(Task inputs)

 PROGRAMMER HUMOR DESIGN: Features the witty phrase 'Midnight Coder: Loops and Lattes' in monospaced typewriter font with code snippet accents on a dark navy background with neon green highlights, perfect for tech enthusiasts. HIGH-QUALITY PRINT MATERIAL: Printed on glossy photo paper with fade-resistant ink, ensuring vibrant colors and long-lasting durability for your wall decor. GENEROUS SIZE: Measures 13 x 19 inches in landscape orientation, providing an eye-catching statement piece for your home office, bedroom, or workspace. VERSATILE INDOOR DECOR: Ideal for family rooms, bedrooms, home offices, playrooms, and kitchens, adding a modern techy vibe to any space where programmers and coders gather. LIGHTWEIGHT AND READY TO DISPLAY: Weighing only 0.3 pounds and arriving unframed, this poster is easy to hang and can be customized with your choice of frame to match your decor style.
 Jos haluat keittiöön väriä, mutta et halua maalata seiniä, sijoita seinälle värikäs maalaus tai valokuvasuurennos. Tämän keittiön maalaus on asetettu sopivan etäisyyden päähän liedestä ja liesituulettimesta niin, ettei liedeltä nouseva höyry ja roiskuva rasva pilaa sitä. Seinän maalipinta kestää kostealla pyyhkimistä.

(End Task inputs)
(Task inputs)

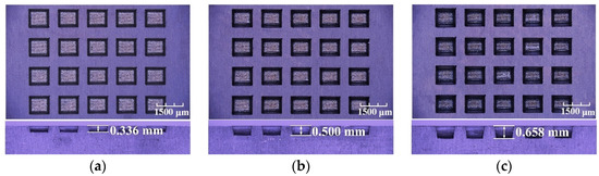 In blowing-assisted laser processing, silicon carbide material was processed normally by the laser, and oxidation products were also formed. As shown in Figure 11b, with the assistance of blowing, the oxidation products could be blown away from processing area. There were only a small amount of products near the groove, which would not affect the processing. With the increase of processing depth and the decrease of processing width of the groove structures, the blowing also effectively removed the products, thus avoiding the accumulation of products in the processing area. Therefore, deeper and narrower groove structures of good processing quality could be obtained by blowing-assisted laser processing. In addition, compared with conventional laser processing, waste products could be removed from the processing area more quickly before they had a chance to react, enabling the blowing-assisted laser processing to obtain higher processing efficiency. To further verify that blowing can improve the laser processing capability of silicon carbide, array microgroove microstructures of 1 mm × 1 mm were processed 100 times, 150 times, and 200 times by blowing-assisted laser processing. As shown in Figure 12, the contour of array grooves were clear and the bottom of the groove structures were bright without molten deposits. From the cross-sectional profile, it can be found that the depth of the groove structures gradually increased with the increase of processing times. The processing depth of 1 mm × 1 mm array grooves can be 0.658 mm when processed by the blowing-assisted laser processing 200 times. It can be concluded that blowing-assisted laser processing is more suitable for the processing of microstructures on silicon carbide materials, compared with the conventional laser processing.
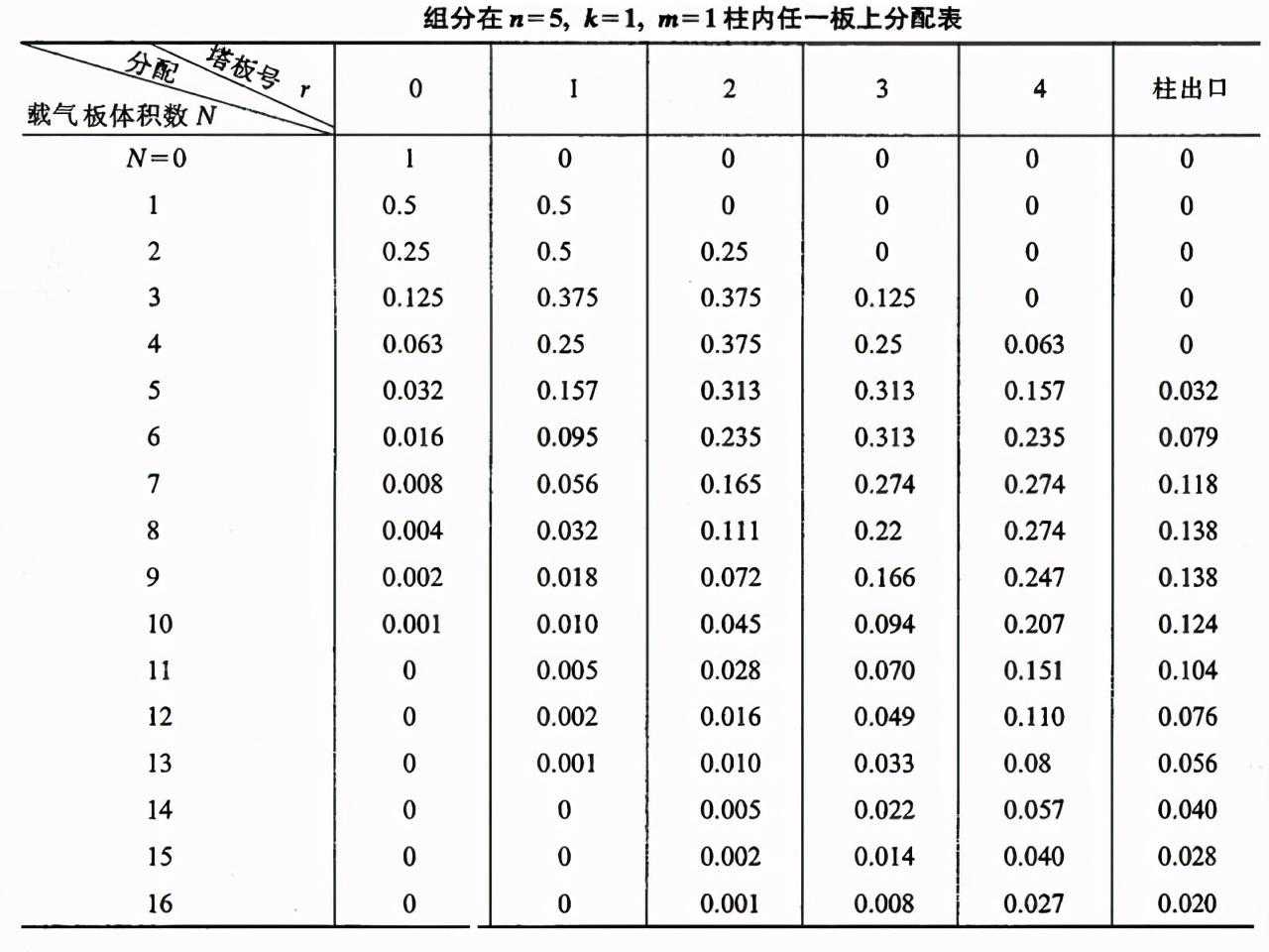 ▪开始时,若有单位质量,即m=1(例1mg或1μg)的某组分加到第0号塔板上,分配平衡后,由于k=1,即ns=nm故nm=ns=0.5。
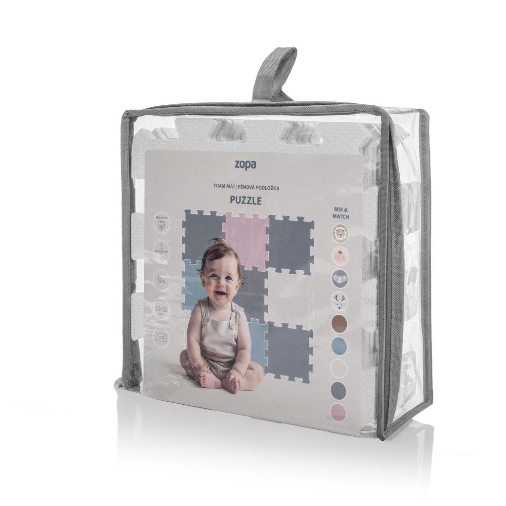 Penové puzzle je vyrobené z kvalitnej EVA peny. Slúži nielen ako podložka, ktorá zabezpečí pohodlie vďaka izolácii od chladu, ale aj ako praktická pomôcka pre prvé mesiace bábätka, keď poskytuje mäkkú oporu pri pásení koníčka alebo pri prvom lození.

(End Task inputs)

All that belongs in your answer is the stretch of entries above from the line with "PROGRAMMER HUMOR DESIGN: Features" through the line with "Jos haluat keittiöön", printed exactly.

Expected answer.
 PROGRAMMER HUMOR DESIGN: Features the witty phrase 'Midnight Coder: Loops and Lattes' in monospaced typewriter font with code snippet accents on a dark navy background with neon green highlights, perfect for tech enthusiasts. HIGH-QUALITY PRINT MATERIAL: Printed on glossy photo paper with fade-resistant ink, ensuring vibrant colors and long-lasting durability for your wall decor. GENEROUS SIZE: Measures 13 x 19 inches in landscape orientation, providing an eye-catching statement piece for your home office, bedroom, or workspace. VERSATILE INDOOR DECOR: Ideal for family rooms, bedrooms, home offices, playrooms, and kitchens, adding a modern techy vibe to any space where programmers and coders gather. LIGHTWEIGHT AND READY TO DISPLAY: Weighing only 0.3 pounds and arriving unframed, this poster is easy to hang and can be customized with your choice of frame to match your decor style.
 Jos haluat keittiöön väriä, mutta et halua maalata seiniä, sijoita seinälle värikäs maalaus tai valokuvasuurennos. Tämän keittiön maalaus on asetettu sopivan etäisyyden päähän liedestä ja liesituulettimesta niin, ettei liedeltä nouseva höyry ja roiskuva rasva pilaa sitä. Seinän maalipinta kestää kostealla pyyhkimistä.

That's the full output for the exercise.